REQUEST_TIMEOUT_MS=8000
TOTAL_BUDGET_MS=12000
RATE_LIMIT_PER_MIN=60
ENABLE_DLR=false
FORVO_API_KEY=
FORVO_DAILY_QUOTA=500
DEX_DUMP_URL=https://dexonline.ro/static/download/dex-database.sql.gz
pnpm dev run with hot reload (tsx watch)
pnpm build compile to dist/
pnpm start run compiled build
pnpm bootstrap [...] cross-platform installer + seeder (avoids reserved `pnpm setup`)
pnpm seed re-run bootstrap without `pnpm install`
pnpm fixtures:refresh re-fetch test fixtures from live sources
pnpm test vitest
pnpm typecheck tsc --noEmit
pnpm lint biome check
- DOOM 3: CC-BY-NC-SA 4.0. Non-commercial only. Attribution: Institutul de Lingvistică „Iorgu Iordan – Al. Rosetti".
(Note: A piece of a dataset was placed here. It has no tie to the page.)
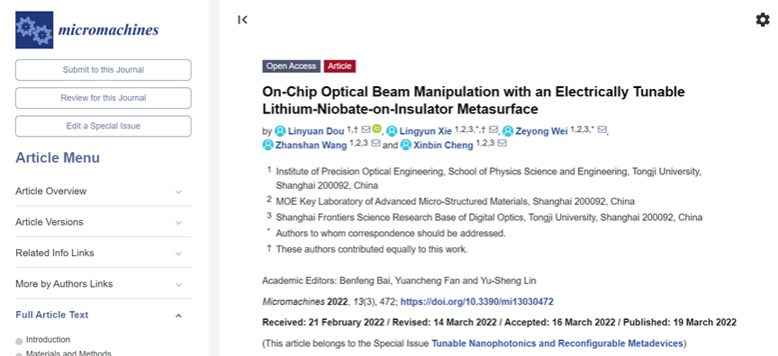 2022年3月19日,yl7703永利集团2018级物理学试验基地班本科生豆淋源以第一作者身份在Micromachines杂志上发表“基于绝缘体上铌酸锂的片上电可调波束调控超表面”(“On-Chip Optical Beam Manipulation with an Electrically Tunable Lithium-Niobate-on-Insulator Metasurface”)论文,Micromachines 期刊被Scopus、SCIE (Web of Science)和PubMed等众多数据库收录,主要聚焦微纳结构、设备和系统、应用物理方向的科学和技术。豆淋源于2021年8月进入程鑫彬教授和王占山教授课题组学习,在魏泽勇副教授的指导下学会了微纳光学基础理论、数值仿真方法,并提出了一种绝缘体上铌酸锂(LNOI)上的超表面,借助该超表面可在LNOI片上实现电可调谐的聚焦、偏折等波束调控功能。论文通讯作者为yl7703永利集团精密光学研究所副教授魏泽勇和博士后谢凌云,该研究获得了包括国家自然科学基金和上海市项目以及上海市数字光学前沿科学基地的支持和资助。

- DEXonline: GPL data. Seed dump downloaded at setup; never committed.
- Wiktionary RO: CC-BY-SA 4.0.
- Forvo: proprietary; per-clip credit to user.
- DLR: academic source; cite Academia Română.
This project is non-commercial and open source (MIT). Per-provider attribution travels in every response in entry.source.attribution.